2014 Jillian Bell (21 Jump Street), Carrie Coon (Gone Girl), Gugu Mbatha Raw (Beyond the Lights), Jack O'Connell (Unbroken/71), Tony Revolori (Grand Budapest Hotel)

Gugu was our gold medalist and though she's justifiably working a lot, her career isn't really the leading lady career it should be given her talent and range. (sigh). Jillian Bell just had a leading role - Brittany Runs a Marathon but that sure took a while. Carrie Coon is going strong on television and stage but not cinema which is frustrating.

2013 Israel Broussard (The Bling Ring), Elizabeth Debicki (The Great Gatsby), Kaitlyn Dever (Short Term 12), Adele Exarchopoulus (Blue is the Warmest Color), Tye Sheridan (Mud).

Dever was the gold medalist and we chose so well because she gets better and better, doesn't she?. We have good taste at spotting fresh talent.

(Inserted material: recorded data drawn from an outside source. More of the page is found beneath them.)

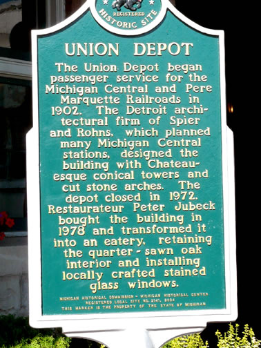 The Union Depot began passenger service for the Michigan Central and Pere Marquette Railroads in 1902. The Detroit architectural firm of Spier and Rohns, which planned many Michigan Central stations, designed the building with Chateauesque conical towers and cut stone arches.
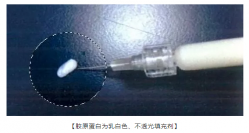 1)胶原蛋白为乳白色,填充皮肤较薄的泪沟时,不会出现“丁达尔现象”;
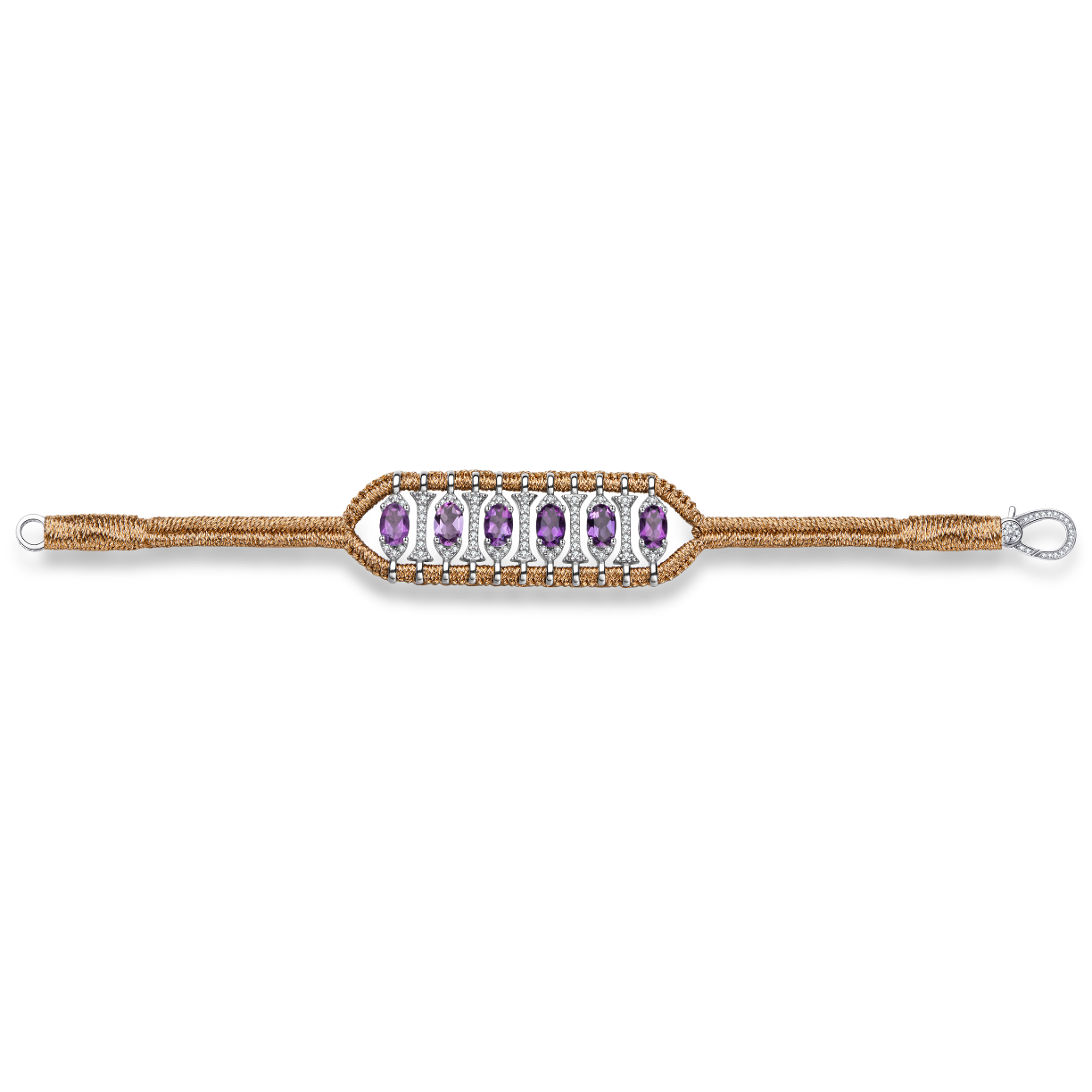Bracelet ajouré en fil de lurex tressé de couleur brass orné d'un motif en argent 925 entièrement pavé de moissanites et rehaussé d'Améthystes.
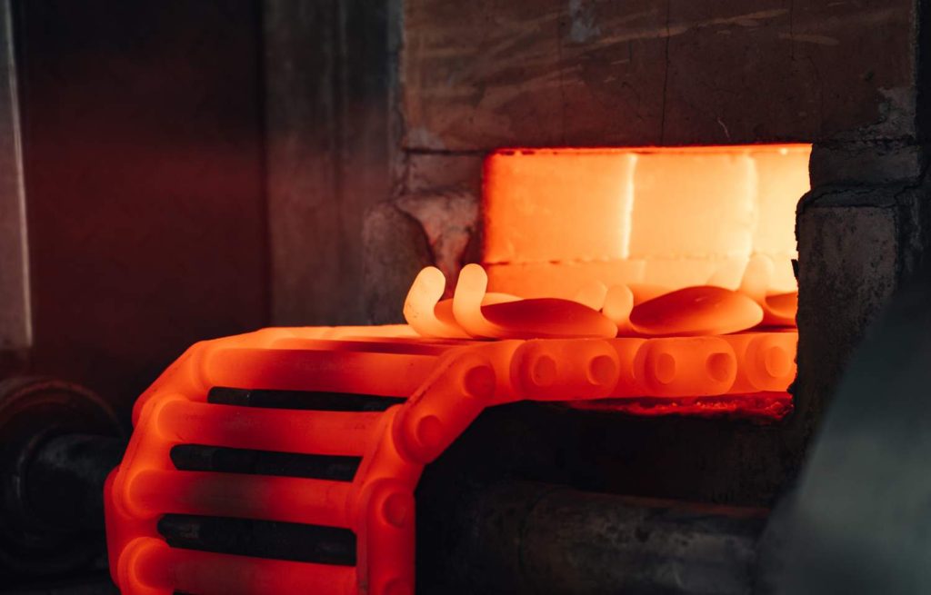 The process starts with a billet of soft carbon steel that is heated and bent into an L-shape. The piece then goes through a rough forging process where excess material is trimmed away, and the wedge begins to take shape.
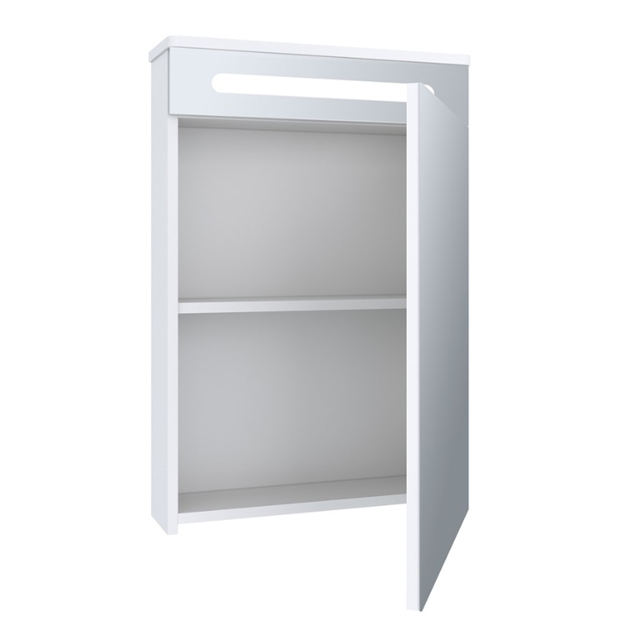 Зеркальный шкаф для ванной ПАРМА - сочетание безупречного стиля и современных тенденций в дизайнерском оформлении ванной комнаты. Шкаф зеркало для ванной ПАРМА выполнено в традиционном и всегда модном белом цвете и гармонично впишется в любой интерьер ванной комнаты. Шкафчик в ванную имеет одну распашную дверцу с зеркальным фасадом. Шкаф оборудован петлями со встроенным доводчиком, встроенной сверху люминесцентной подсветкой и розеткой с выключателем. Внутри шкафа - две внутренние полки. Выпускается только в правом исполнении.
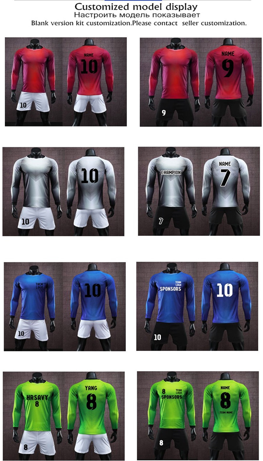 Long Sleeve Men's Ladies Kids Youth Football Jersey Kit Tracksuit Custom Soccer training jersey suit Goalkeeping Soccer Uniforms
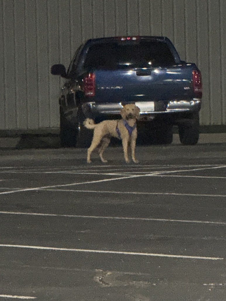 Running through the parking lot of Million Air in the Washington St (north) side of the airport. Very skittish, ran away when I called to it and approached.
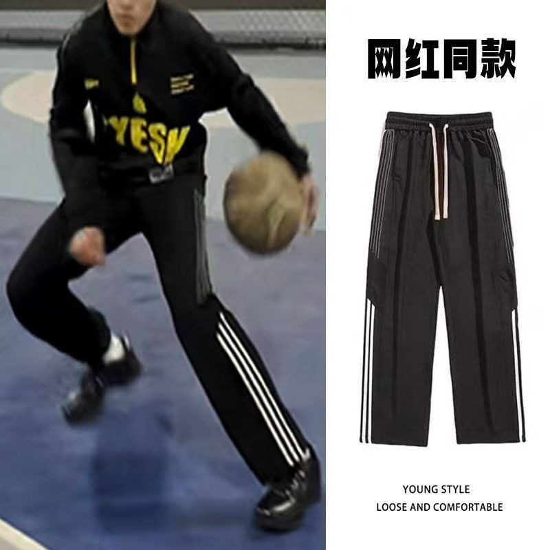 📚 传奇商行夏季休闲卫裤男生薄款篮球裤三条杠条纹运动裤子垂感直筒
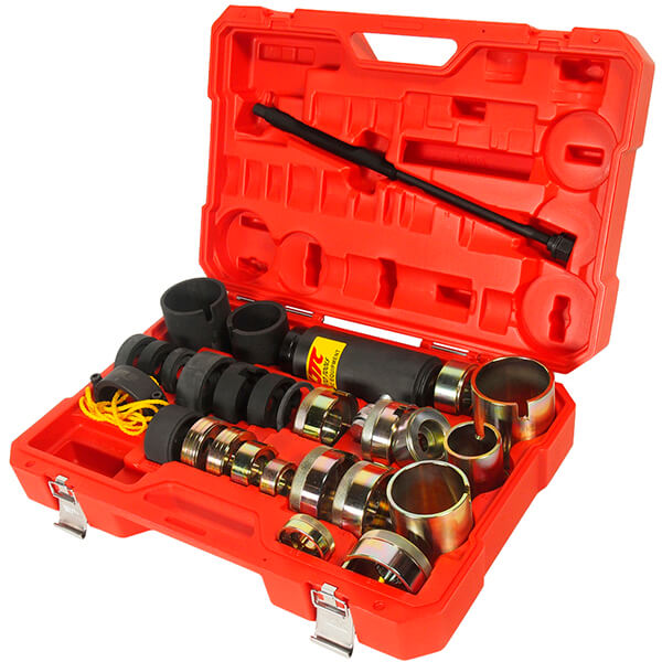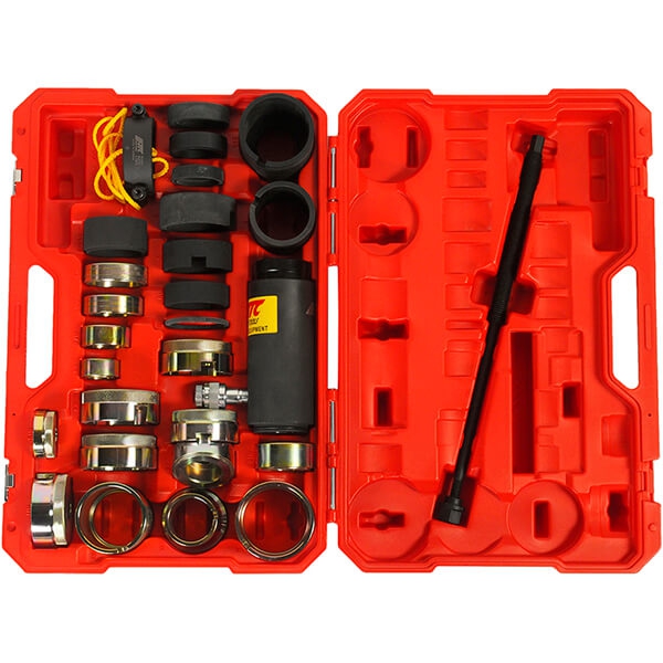 Набор съемников втулок подрамника BMW с гидравлическим цилиндром JTC JTC-4376 позволяет быстро и безопасно снять/установить сайлентблоки подрамников. Экономия рабочей силы. Широкий диапазон применения благодаря большому количеству входящих в комплект приспособлений. Насос поставляется отдельно (артикул JTC-HB600). При мощности насоса 10000 psi (700 кг/см²) максимальное усилие, создаваемое гидравлическим приводом, составляет 15 т. Применяется с адаптером JTC-CP350.
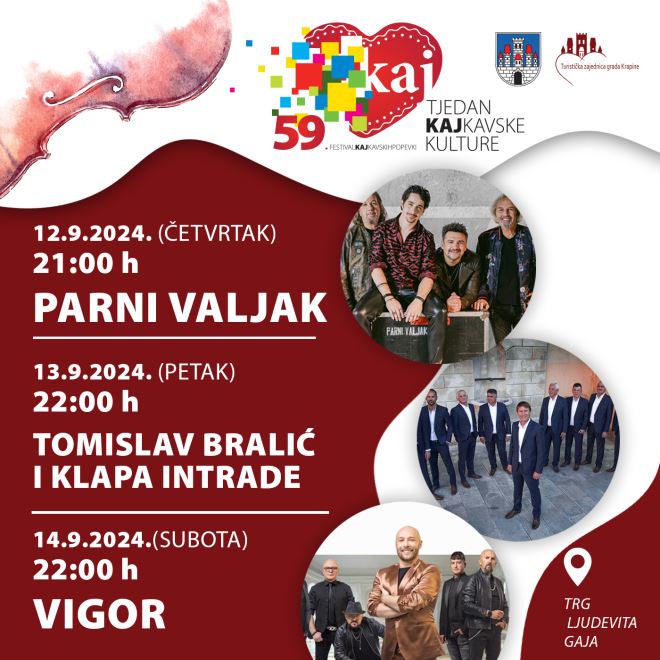 Pod motom "Vse počinje v Krapini", 59. tjedan kajkavske kulture ove će se godine održavati od 7. do 15. rujna. Kao i svake godine i ovoga je puta pripremljen bogati program, posebice što se tiče glazbenog dijela festivala.
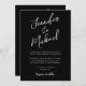 Cette coutume moderne tout en une invitation de mariage comporte un script de calligraphie blanc écrit à la main sur un arrière - plan noir. Personnalisez avec vos noms et votre date de mariage, ainsi que tous vos détails de mariage sur l'avant et l'arrière de la carte. Meilleurs voeux pour votre mariage et mariage ! Conçu par Susan Coffey.
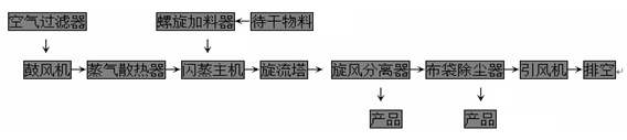 熱空氣由入口管以切線方向進入干燥室底部的環隙,并螺旋狀上升,同時,物料由加料器定量加入塔內,并與熱空氣進行充分熱交換,較大較濕的物料在攪拌器作用下被機械破碎,濕含量較低及顆粒度較小的物料隨旋轉氣流一并上升,輸送至分離器進行氣固分離,成品收集包裝,而尾氣則經除塵裝置處理后排空。
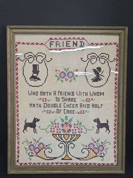 LOT 611 - (G) Framed “Friend” Cross-Stitch Work
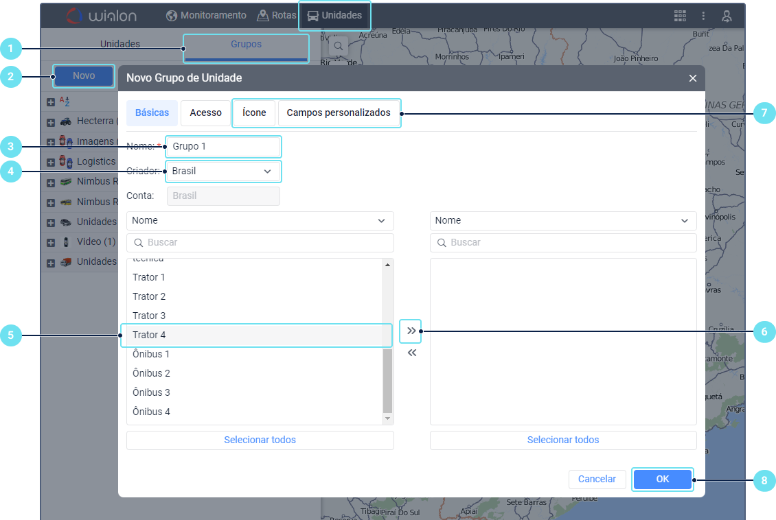 É possível usar grupos de unidades na aba Monitoramento, em relatórios, trabalhos e nos alertas.
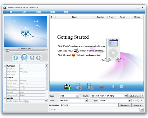 Joboshare iPod Video Converter - является мощным и профессиональным iPod видео конвертором, который может преобразовать практически все популярные видео файлы, включая AVI, DivX, XviD, MPEG, WMV, MOV, RM, RMVB, ASF, VOB, 3GP, H.264/MPEG-4 AVC для IPod MP4.
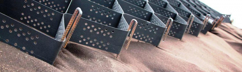 - На полигонах ТБО и гидротехнических объектах (фиксация верхней и нижней части откосов).
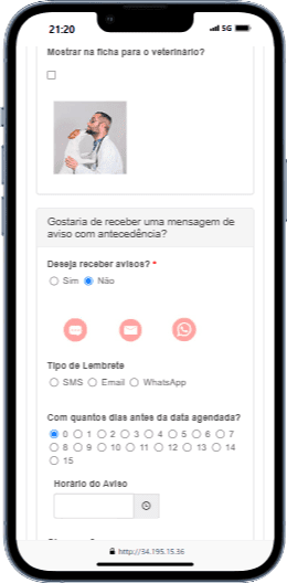 Defina lembretes por e-mail, SMS ou WhatsApp.
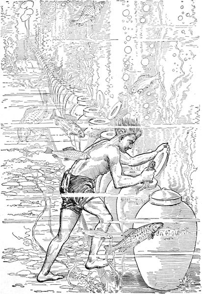 Nun kam sie an einen Bach und setzte sich auf einen Grashalm am Ufer. Ein Fisch schwamm heran, und als sie ihn erblickte, begann sie zu singen:
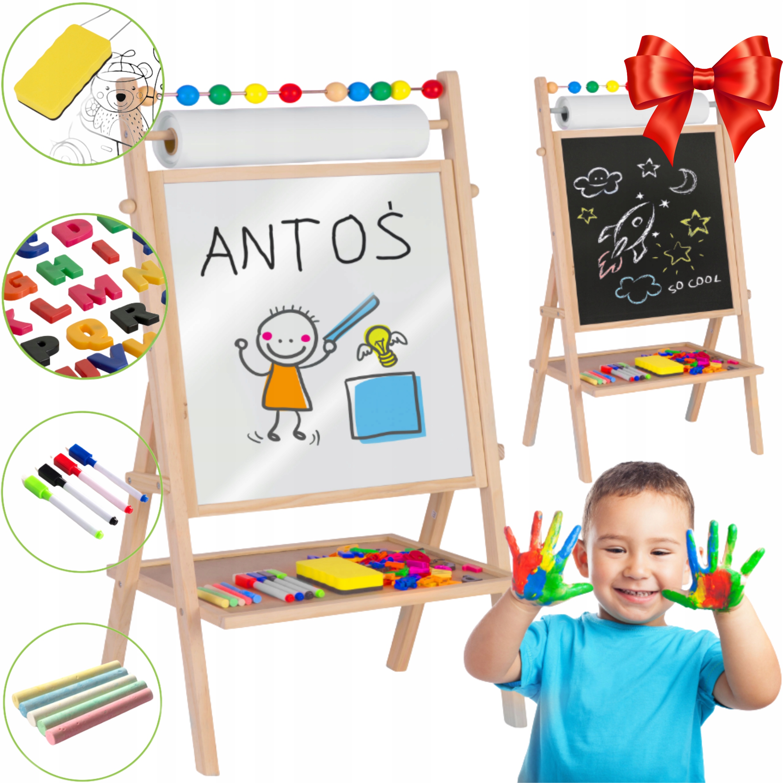 ПОДАРУНОК ДВОСТОРОННЯ НАВЧАЛЬНА МАГНІТНА КРЕДЯНА ДОШКА + АКСЕСУАРИ + ПАПІР
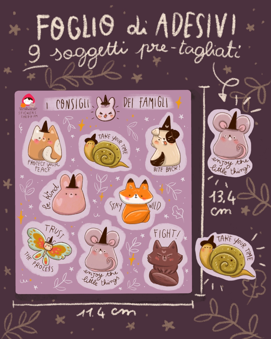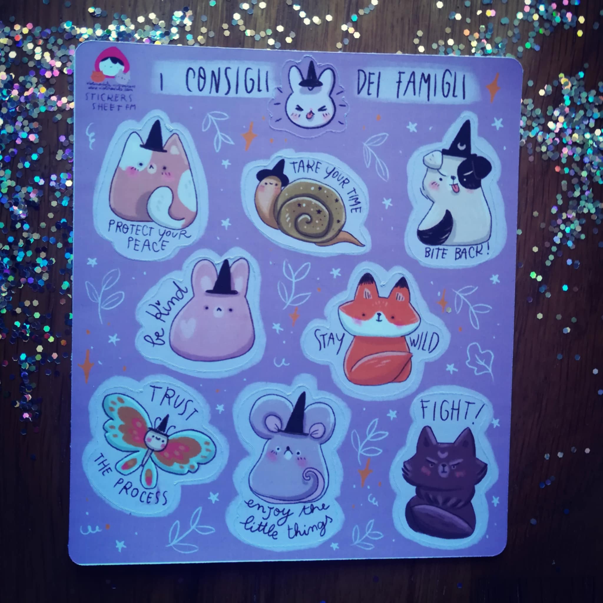 Foglio di adesivi pre tagliati con preziosi consigli dei famigli
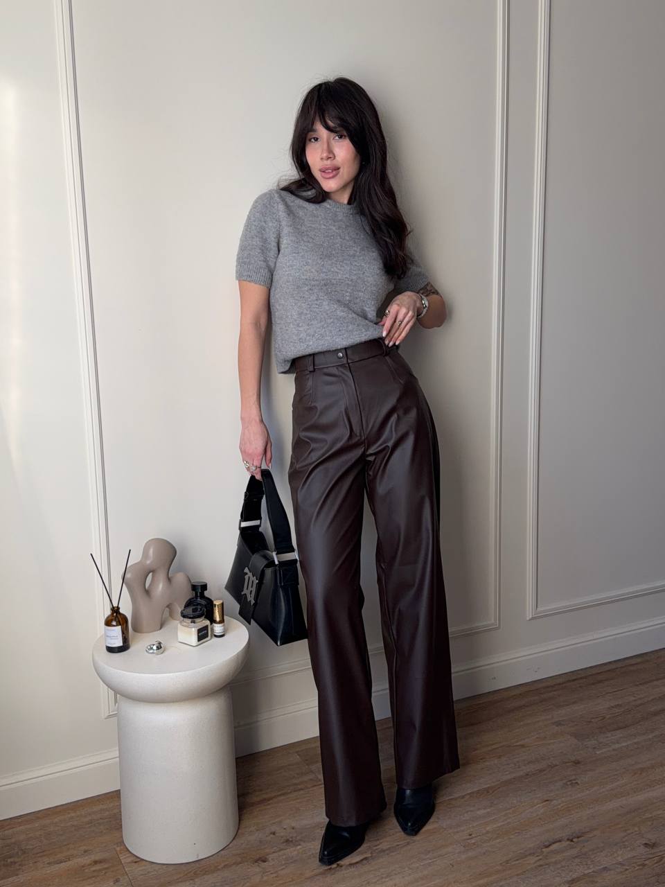 Стильні штани з матової еко шкіри , вільного крою та високою посадкою
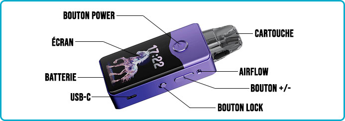 - Puissance et polyvalence : module jusqu’à 120 W pour couvrir DL puissant et vape plus restreinte.
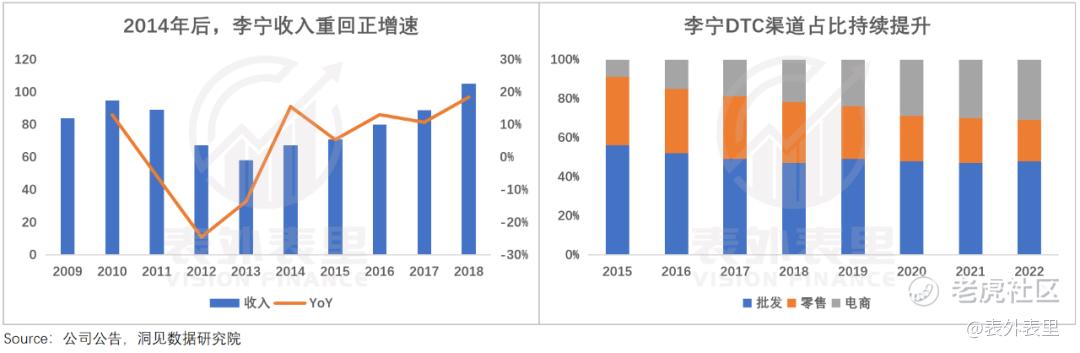 实际上,李宁上一波DTC深化改革要追溯到2014年,最开始确实效果显著,当年业绩实现了16%的高增速。(当然,2014年的高峰值,很大程度上源于,DTC改革下,公司收入口径发生了变化。简单理解就是从批发口径,转换到零售口径。)
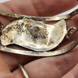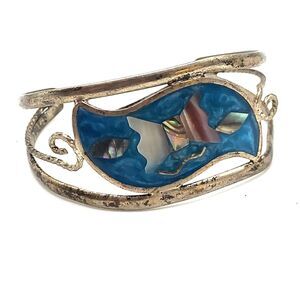 Alpaca Bangle Bracelet Mother of Pearl Inlay Enamel Bangle Bracelet 7in | Materials: sterling silver, mother of pearl | Length: 7in | Clasp:slide on | Signed? Alpaca | Excellent vintage condition
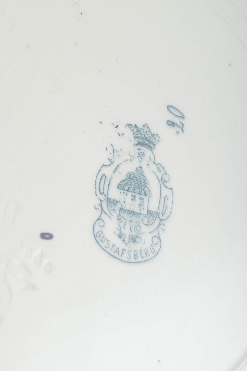 Gustavsberg, grundlagt i 1825 nær Stockholm, var en af Sveriges førende porcelæns- og fajancefabrikker gennem 1800- og 1900-tallet. Serien “Wexiö” blev produceret omkring år 1900 og afspejler tidens interesse for naturmotiver og dekorative overførselstryk i afdæmpede farver.

Of course Debicki got cooler and cooler and we're kind of obsessed now. Why didn't Israel Broussard ever happen?

2012 Emayatzi Corienaldi (Middle of Nowhere), Matthias Schoenaerts (Bullhead), Alicia Vikander (A Royal Affair), Quvehanzane Wallis (Beasts of the Southern Wild), Rebel Wilson (Pitch Perfect).

Schoenaerts was the gold medalist and he did us proud thereafter. Vikander, of course, won an Oscar a couple of years later but her star appears to be fading already. Rebel Wilson was our bronze medalist which is slightly embarrassing now due to her lack of range paired with her ubiquity. Challenge yourself, Rebel!  Still don't understand how the movies ignored Corienaldi but at least she found steady work on various TV shows. 

2011 Olivia Colman (Tyrannosaur), Tom Cullen (Weekend), Chris New (Weekend), Adepere Oduye (Pariah), Elizabeth Olsen (Martha Marcy May Marlene)

Of these five performers, New and Oduye really didn't get the support of filmmakers (sigh) but the others are going strong and of course Colman is now a total giant. Still, Olsen's career (she was the gold medalist) isn't half the marvel we expected it to be after her eery coming out party as a cult victim ... probably because Marvel flattened her.

2010 Anthony Deptula (One Too Many Mornings), Jennifer Lawrence (Winter's Bone), Rooney Mara (Docial Network), Mia Wasikowska (The Kids Are All Right), Ellen Wong (Scott Pilgrim) 

Rooney Mara took the gold. Ellen Wong didn't become a star but has had steady work on TV and is now on GLOW. Deptula stopped acting though he's still in the industry making shorts, writing, and producing things.